Des méthodes qui se révèlent évidemment sans succès, mais que certains de ses proches n’hésitent pas à réitérer souvent. Si bien qu’en 1998, «Djallil» est envoyé d’urgence à l’hôpital suite aux blessures provoquées par un proche.

Crainte de dénonciation pénale

Après son hospitalisation, «Djallil» craint d’être dénoncé et condamné pénalement en raison de son homosexualité et redoute toujours plus les sévices de sa famille. Il quitte donc l’Algérie et gagne la Suisse, où il dépose une demande d’asile en janvier 2001. «Djallil» fournit de nombreux documents attestant son récit.

Les faits ne sont pas contestés : les motifs à l’origine du départ de «Djallil» se fondent sur des pressions incessantes dont il a été victime de la part de sa famille afin qu’il renie son homosexualité. Sur cette base, l’ODR refuse la demande d’asile de «Djallil»: pour l’instance fédérale, les pressions subies sont imputables à la seule famille de «Djallil», et rien ne prouve que ce dernier ne pourrait y échapper en partant vivre dans une autre ville d’Algérie. Arguant que ces motifs revêtent un caractère purement privé, l’ODR conclut que «Djallil» ne répond pas aux conditions de reconnaissance de la qualité de réfugié au sens de l’art. 3 LAsi.

Or il se trouve que dès son entrée en Suisse, «Djallil» participe à la création d’une association de soutien aux homosexuels de confession musulmane. Touché par ce qu’il a subi en Algérie, il milite pour le droit des homosexuels, s’engage activement auprès de la communauté gay de Suisse, et participe à des manifestations destinées à promouvoir les droits de personnes persécutées du fait de leur orientation sexuelle.

Motifs subjectifs après la fuite

Ces engagements sont perçus par l’ODR comme des motifs subjectifs intervenus après la fuite qui lui valent d’être reconnu comme réfugié (art. 54 LAsi).
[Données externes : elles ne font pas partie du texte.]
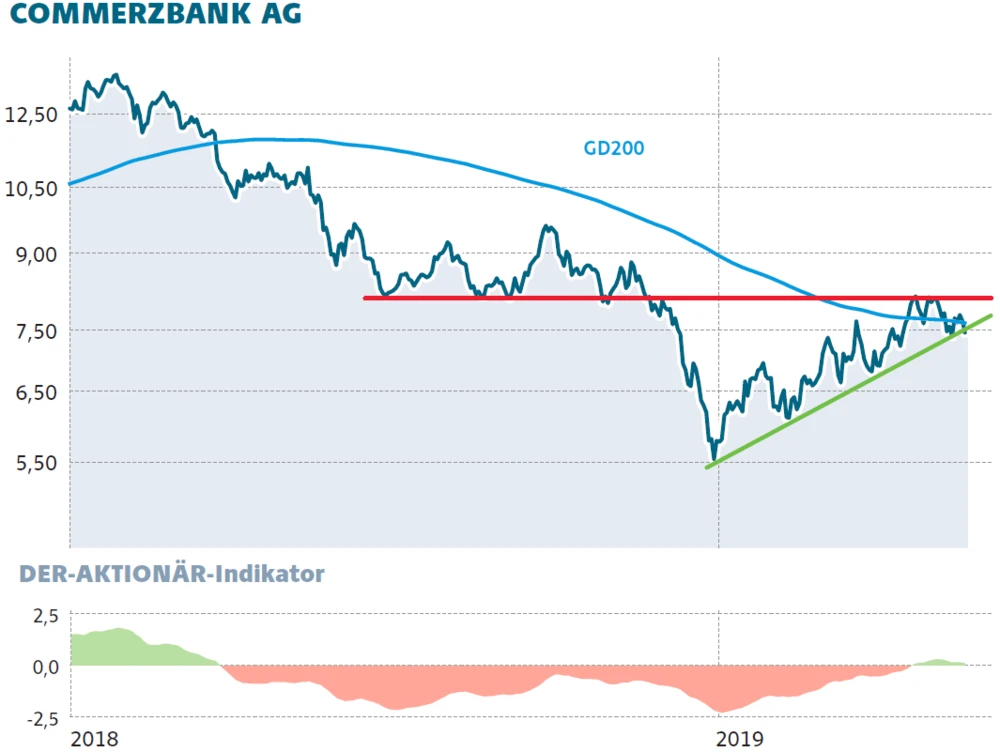 Mit einem Minus von knapp drei Prozent nähert sich die Commerzbank-Aktie am Montagvormittag dem neuen Kursziel der UBS an. Der seit Jahreswechsel gültige Aufwärtstrend gerät damit erneut in aktute Gefahr. DER AKTIONÄR hält aber zunächst noch an seiner Trading-Empfehlung fest und spekuliert auf positive Impulse im weiteren Wochenverlauf.

En effet, pour l’Office fédéral, ses activités en Suisse peuvent potentiellement l’exposer à des mesures de persécutions de la part des autorités algériennes en cas de retour.

Place à l’arbitraire

Parmi diverses propositions de révision de la loi, émises le 14 janvier 2009, le DFJP projette de sanctionner pénalement les activités politiques que les requérants d’asile auraient menées en Suisse dans le seul but de motiver leur qualité de réfugié.

La manière d’interpréter et d’appliquer une telle norme serait laissée en grande partie à l’appréciation de l’autorité, et il existe un risque que des personnes comme «Djallil» soient dans un avenir proche condamnées pénalement pour avoir fait usage de leurs droits fondamentaux. La liberté d’expression, de réunion et d’association, s’en trouverait singulièrement réduite pour toute une partie de la population vivant sur notre territoire.

Observatoire romand 
du droit d’asile et des étrangers

Cas 069, publié le 3 mars 2009, dans le cadre d’une série spéciale consacrée par l’ODAE au projet de durcissement du droit d’asile.

Questions ouvertes:

  • «Djallil» s’est engagé en toute sincérité pour une cause qui le touche personnellement. Mais comment le prouver si, comme le propose le projet de révision de la loi, les autorités estiment qu’il n’a agi que pour obtenir la qualité de réfugié et décident de le sanctionner pénalement?
  • Quelles garanties a-t-on que les autorités interpréteront et appliqueront cette nouvelle clause de manière raisonnable, dans un contexte où l’objectif avoué est de faire baisser à n’importe quel prix le nombre de demandeurs d’asile?